The identification of communication with transport is probably suggested by the spatial layout of the diagram itself, rather than by the media modelled. Or it may have some even deeper source, as suggested by Reddy's (1979) well-known analysis of the "conduit metaphor" (which, if we are to believe McNeill's (1994) study of the relevant gestures, only occur in Western countries). Interestingly, the transport model of communication was criticised already in 1929 by Voločinov (1986), well before it was embodied in the mathematical theory of communication. (Sonesson 1999: 90)

The identification is much older and perhaps even etymological, e.g. water and rail communication (cf. Neuman & Nave 2008: 101).

Curiously, in Bakhtin's own texts, and in many passages of the Voloshinov texts also, dialogicity implies very little activity, or at least an activity of a very one-sided kind: one person quoting (and often qualifying) something said by another, normally in written form, which leaves very little possibility for one quoted to react. (Sonesson 1999: 91)

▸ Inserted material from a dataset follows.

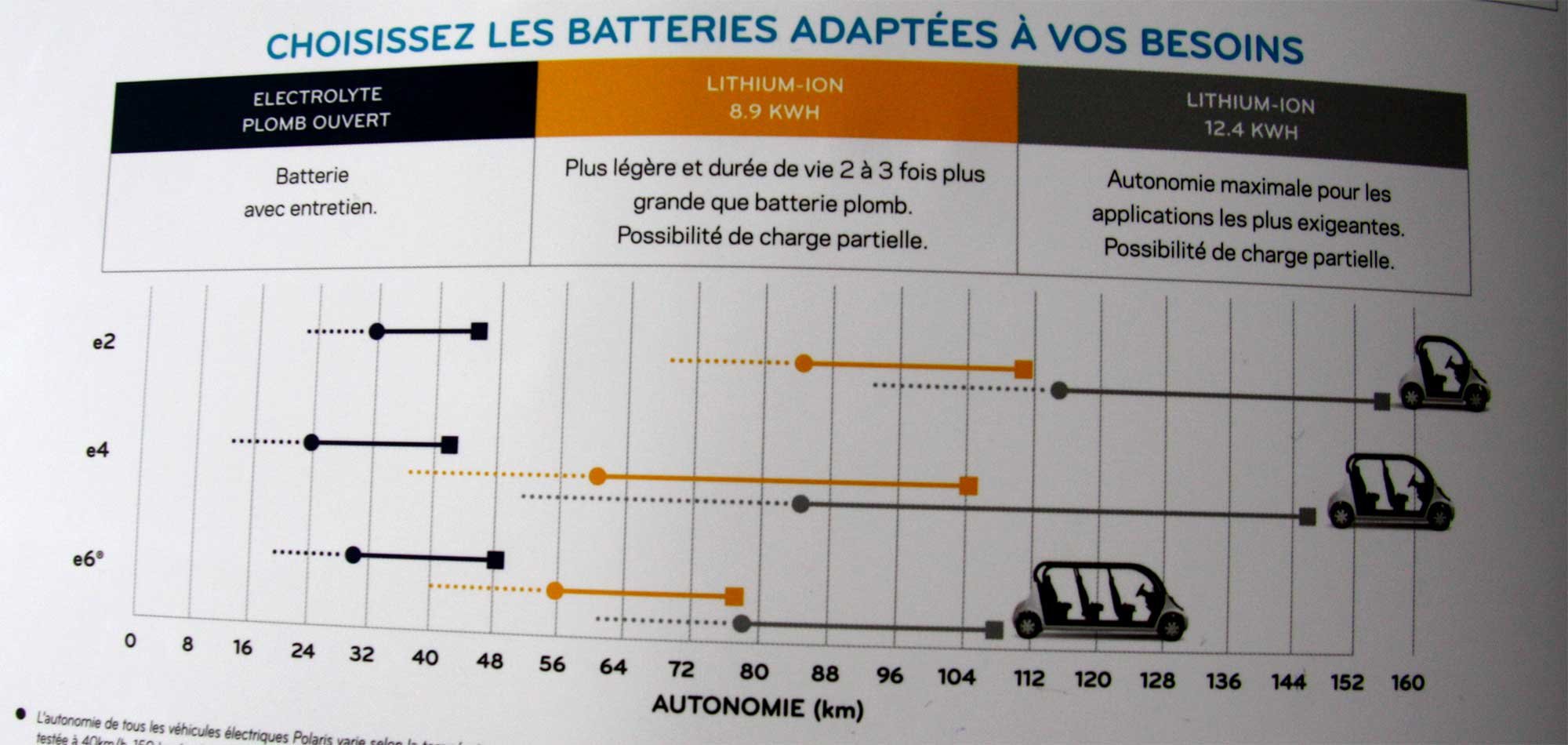Côté moteur, la puissance va de 5 kW pour les versions deux et quatre places à 6.2 kW pour le six places. Dans tous les cas, la vitesse de pointe reste bridée à 40 km/h.

Thus, Bakhtinian dialogicity (at least from I gather here) is a form of meta-communication (in the diachronic sense employed frequently in Tartu) or "chronocommunication" (Battail 2008: 224).

In order to make sense of dialogicity (not necessarily Bakhtin's sense), we have to think of communication, not as a single, delimited act, close to a specious present, but as an extended stretch of behaviour, in which several acts take place and are reacted to, and meaning is continuously renegotiated. It is precisely because we accept too easily this view of meaning as a single, short act of give and take, that examples such as Voloshinov's "Well" (1983a) and "H'm" (1983b: 124ff), [|] Grice's (1989: 93ff) 43 cents at the tobacconist's and Sperber & Wilson's (1983: 55) smell of gas seem to make nonsense of the rules-governedness of communication and establish meaning as something ineffable. (Sonesson 1999: 96-97)

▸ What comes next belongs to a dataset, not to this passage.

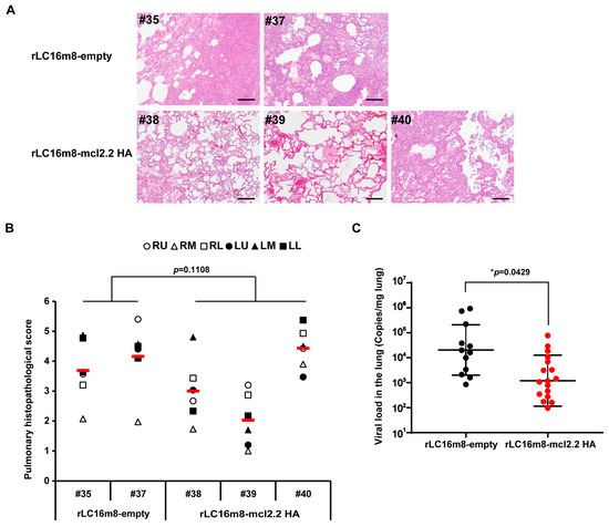 Histopathology and viral load in the lungs of cynomolgus macaques after HPAI H5N1 virus infection. (A) Representative lung sections (hematoxylin and eosin staining; section thickness 4 μm) at 7 days post-infection (dpi); original magnification was 100×. Bar, 200 μm. The number indicates animal ID. (B) Histopathological scores were obtained for each of the 15 defined regions of the lung lobe of each animal (RU, right upper; RM, right middle; RL, right lower; LU, left upper; LM, left middle; LL, left lower) 7 dpi with rLC16m8-empty or rLC16m8-mcl2.2 HA. Red horizontal bars indicate the mean pathological score in each group. p values were calculated using the Mann–Whitney U test. (C) Viral load in all lung lobes was determined by reverse transcription–quantitative PCR. The central horizontal value represents the geometric mean, and the whiskers indicate the geometric SD. p values were calculated by two-tailed non-paired Student’s t-tests. * p < 0.05.

Two points. Firstly, "specious present" is Clay's most famous terminological invention (cf. Clay 1882: 168-169), which appears in odd places (e.g. Priest 2018: 152). Secondly, could Voloshinov's "Well" be the reason Jakobson chose Dorothy Parker's "Newlyweds" to illustrate the phatic function? Voloshinov, Valentin Nikolaevich 1983a. Discourse in life and discourse in poetry. Bakhtin School Papers. Russian Poets in Translation. Oxford, 5-30. (GB) Also, rule-governedness is unwellformedness.

The temporal presupposition entails another one: before the moment of sending, there is a subject making a decision to send. This is very clear in the case of the telegraph and other technological means: one must decide to go to the telegraph station or to open the Fax software on the home computer. There is much less clearly a preparatory stage, a phase of decision which can be separated from the act of sending, in ordinary verbal conversation, gesture, and so on. But can a subject not making the decision to send before sending properly be called a sender? (Sonesson 1999: 97)

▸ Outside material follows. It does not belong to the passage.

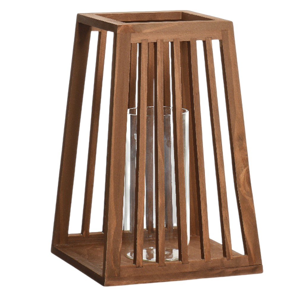 Decorative lantern, L, wooden, brown, 20x20xH30cm

A phrasal synonym for Eco's "C-space".

Quite apart from the distinction between machines and man, however, we really need to have more instances, not less, in order to account for the complexities of sending and receiving. Several subjects are involved in the sending of a book: the writer, the editor, the editorial board, the proof-reader, the typesetter (nowadays largely identical with the writer in front of his computer), the enterprise doing the distribution, the critique, the bookseller, the one who buys the book as a present, etc. (Sonesson 1999: 98)

One of my personal hypotheses as an avid reader of historical texts (throughout the 20th century, at least) is that the overall quality of writing has diminished significantly ever since this intermediary was lost. The proof-reader may notice some errors, but so did typesetters, who had the parse the text from scratch before considering it finished. IMO all academic writings have become more error- and typo-prone ever since the advent of computerized text editors, with which a text written up once is basically finished. Also, note that this whole chain of communication can be added/appended to that of Jakobson's overhearing a couple on board a train and then passing the message on in writing.

Dan Sperber (1982) has taken exception to these parallels: while circulation is a constitutive factor of the kinship system, it is only an accidental property of language, which is essentially a repertory of messages; and when information has circulated for a sufficient time, we will all be in possession of it, but a woman or a horse which is exchanged is lost for the donor; and while language signifies by means of a code, women only acquire meaning by means of the attention being directed to them. (Sonesson 1999: 101)

kek

The distinction between temporally bound and temporally free types is not identical to the one which Goodman (1968) makes between autographic and allographic arts. Among the temporarily bound typicalities previously mentioned, the verbal text is allographic, whereas the visual work of work is traditionally autographic; in other words, the art work, but not the work of literature, is defined as to its identity as well as its value by our inherited social practice by means of its temporary association to the first exemplar created by a certain individual. This is why we do not have to queue up in front of the Stockholm National Library to read the only exemplar of "Röda Rummet" written by Strindberg, while a similar conduct is expected of us in the case of a work of visual art. (Sonesson 1999: 106)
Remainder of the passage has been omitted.